People of the State of California v. The Kroger Co.
People of the State of California v. The Kroger Co.
Case Number
24CV03007
Case Type
Hearing Date / Time
Wed, 07/09/2025 - 10:00
Nature of Proceedings
(1) Demurrer of Defendant to First Amended Complaint (2) Motion of Defendant to Strike Portions of Complaint
Tentative Ruling
Note: **The CMC will be heard at 10:00 am along with the motion, so that counsel does not have to appear at both 8:30 and 10:00 am.**
ATTORNEYS
For Plaintiff People of the State of California: John T. Savrnoch, Morgan S. Lucas, Christopher B. Dalbey, Office of the Santa Barbara County District Attorney; Erik Nasarenko, Andrew J. Reid, Office of the Ventura County District Attorney
For Defendant The Kroger Co.: Jacob M. Harper, James H. Moon, Daniel H. Leigh, Davis Wright Tremaine LLP
RULING
The demurrer of Defendant The Kroger Co. to the Second Amended Complaint is overruled in its entirety. Defendant The Kroger Co. shall file and serve its answer on or before July 29, 2025.
Background
As alleged in Plaintiff’s second amended complaint (SAC):
Defendant The Kroger Co. (Kroger) operates retail grocery stores in Santa Barbara and Ventura Counties, and throughout California, including under the “Ralph’s,” Foods Co,” and “Food 4 Less” names. (SAC, ¶¶ 8, 9.)

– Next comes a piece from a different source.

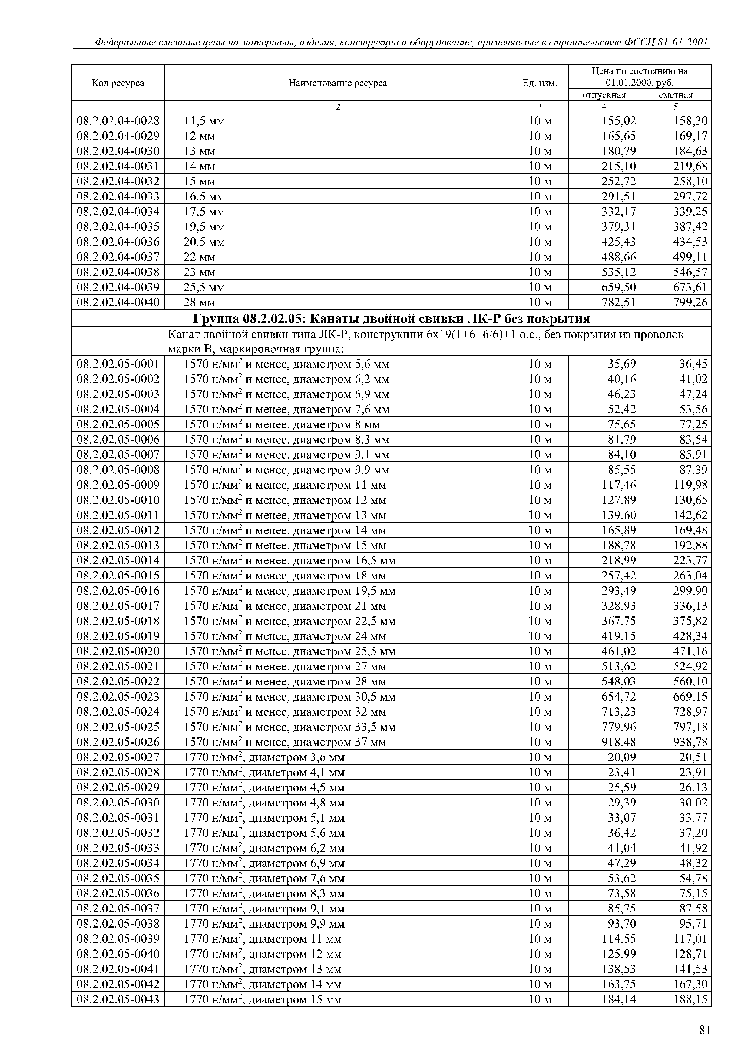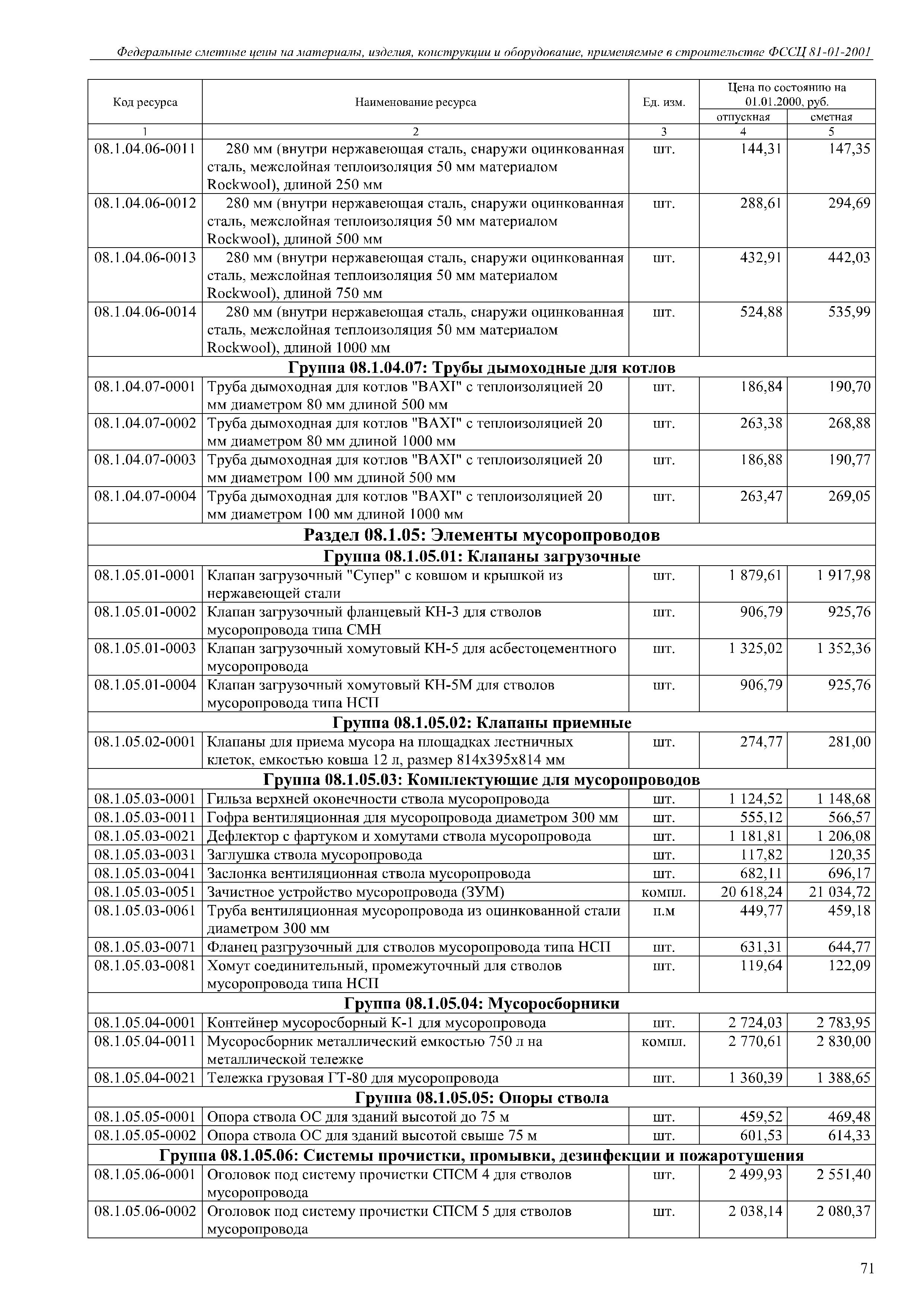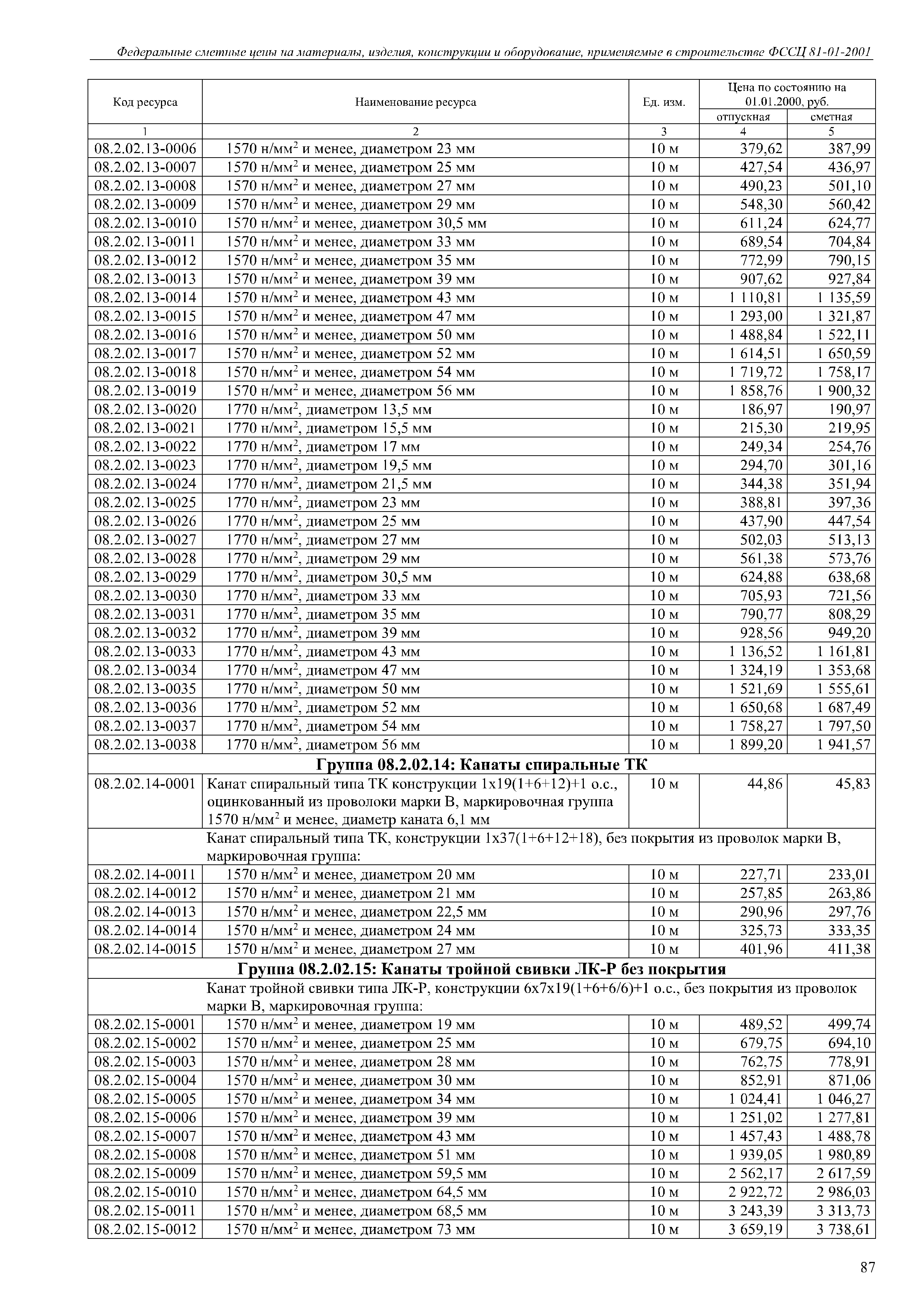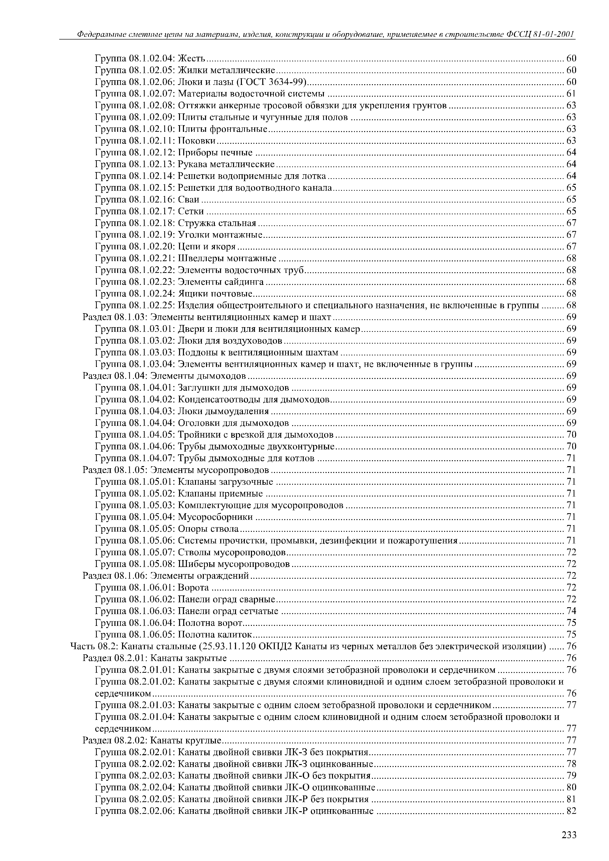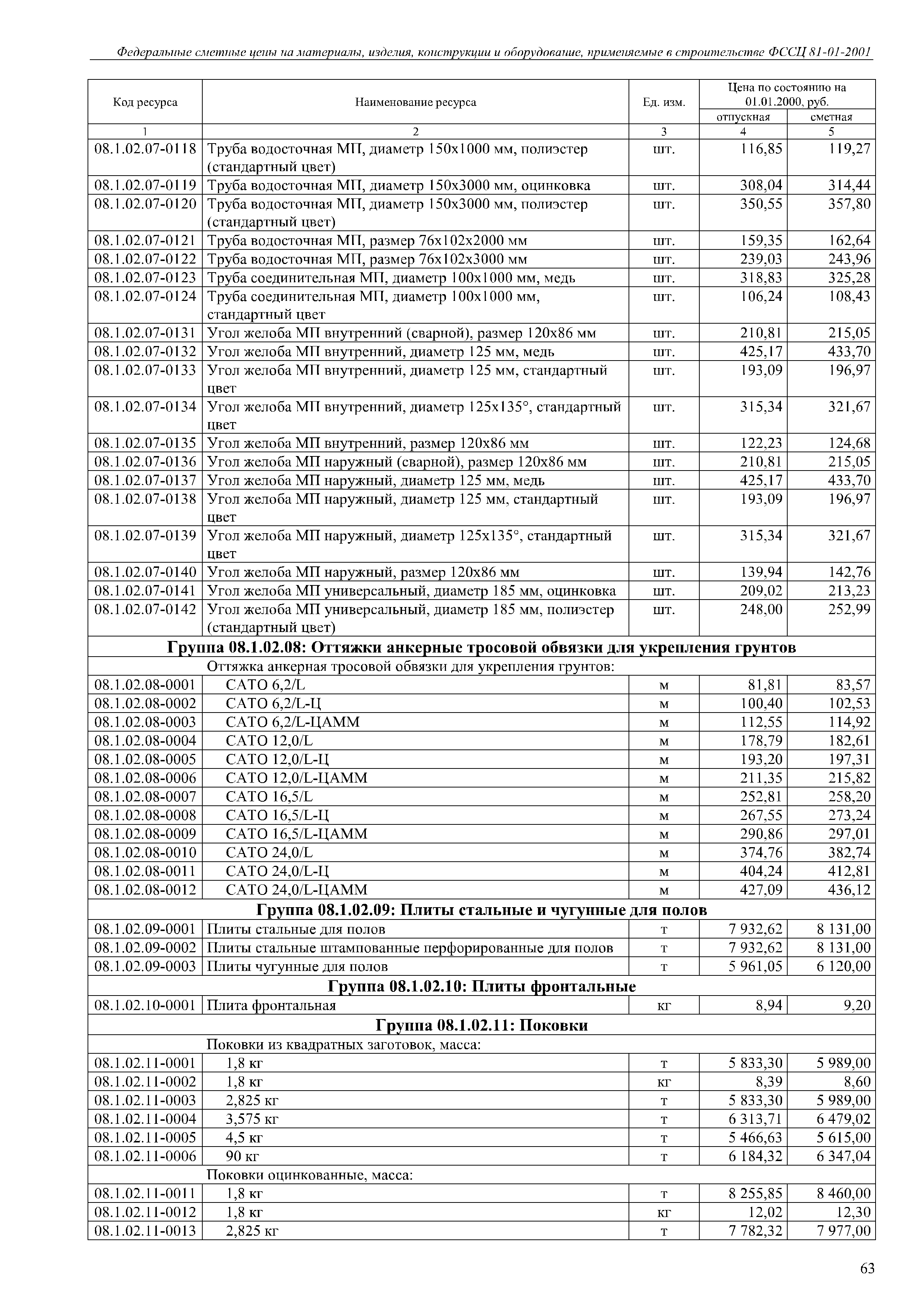 Книга 08: Изделия металлические, металлопрокат, канаты. Федеральные сметные цены на материалы изделия, конструкции и оборудование, применяемые в строительстве. Федеральный сборник сметных цен на материалы, изделия и конструкции, применяемые в строительстве| Статус: | действует | | Название рус.: | Книга 08: Изделия металлические, металлопрокат, канаты. Федеральные сметные цены на материалы изделия, конструкции и оборудование, применяемые в строительстве. Федеральный сборник сметных цен на материалы, изделия и конструкции, применяемые в строительстве | | Дата добавления в базу: | 05.05.2017 | | Дата актуализации: | 01.01.2021 | | Дата введения: | 28.04.2017 | | Область применения: | Государственные сметные нормативы "Федеральные сметные цены на материалы, изделия, конструкции и оборудование, применяемые в строительстве" предназначены для определения сметной стоимости строительства, реконструкции и капитального ремонта объектов капитального строительства. | | Оглавление: | Часть 08.1: Изделия из металла Раздел 08.1.01: Конструкции габионные Раздел 08.1.02: Металлоизделия общестроительного и специального назначения Раздел 08.1.03: Элементы вентиляционных камер и шахт Раздел 08.1.04: Элементы дымоходов Раздел 08.1.05: Элементы мусоропроводов Раздел 08.1.06: Элементы ограждений Часть 08.2: Канаты стальные Раздел 08.2.01: Канаты закрытые Раздел 08.2.02: Канаты круглые Раздел 08.2.03: Канаты плоские Раздел 08.2.04: Канаты стальные прочие Часть 08.3: Металлопрокат Раздел 08.3.01: Двутавры Раздел 08.3.02: Ленты стальные Раздел 08.3.03: Проволока Раздел 08.3.04: Прокат круглый и квадратный Раздел 08.3.05: Прокат листовой плоский Раздел 08.3.06: Прокат листовой рифленый и волнистый Раздел 08.3.07: Прокат полосовой Раздел 08.3.08: Прокат угловой Раздел 08.3.09: Профили гнутые Раздел 08.3.10: Профили фасонные Раздел 08.3.11: Швеллеры Раздел 08.3.12: Прокат и стали прочие Часть 08.4: Сталь арматурная Раздел 08.4.01: Детали закладные и накладные Раздел 08.4.02: Каркасы, сетки, пакеты Раздел 08.4.03: Сталь арматурная горячекатаная для железобетонных конструкций | | Утверждён: | 30.12.2016 Минстрой России (Russian Federation Minstroy 1039/пр)

Kroger sells, or has sold, at least five varieties of low-calorie bread items under the “Carbmaster” generic brand name, including, Carbmaster Wheat Bread, Carbmaster White Bread, Carbmaster Multi-Seed Bread, Carbmaster Hamburger Buns, and Carbmaster Hotdog Buns. (SAC, ¶ 15, capitalizations altered.)
The packaging of these bread products contains caloric content information on the consumer-facing side and on the Food and Drug Administration (FDA) Nutrition Facts panel (FDA panel) on the back of the packaging. (SAC, ¶¶ 16, 17.)
For some bread products, Kroger falsely represented the caloric content on both the consumer-facing side and also on the FDA panel. (SAC, ¶ 17.) This practice occurred from November 1, 2018, and continued until sometime between April 15, 2021 and January 19, 2022 when Kroger corrected the caloric information on the FDA panel. (SAC, ¶¶ 17, 18.)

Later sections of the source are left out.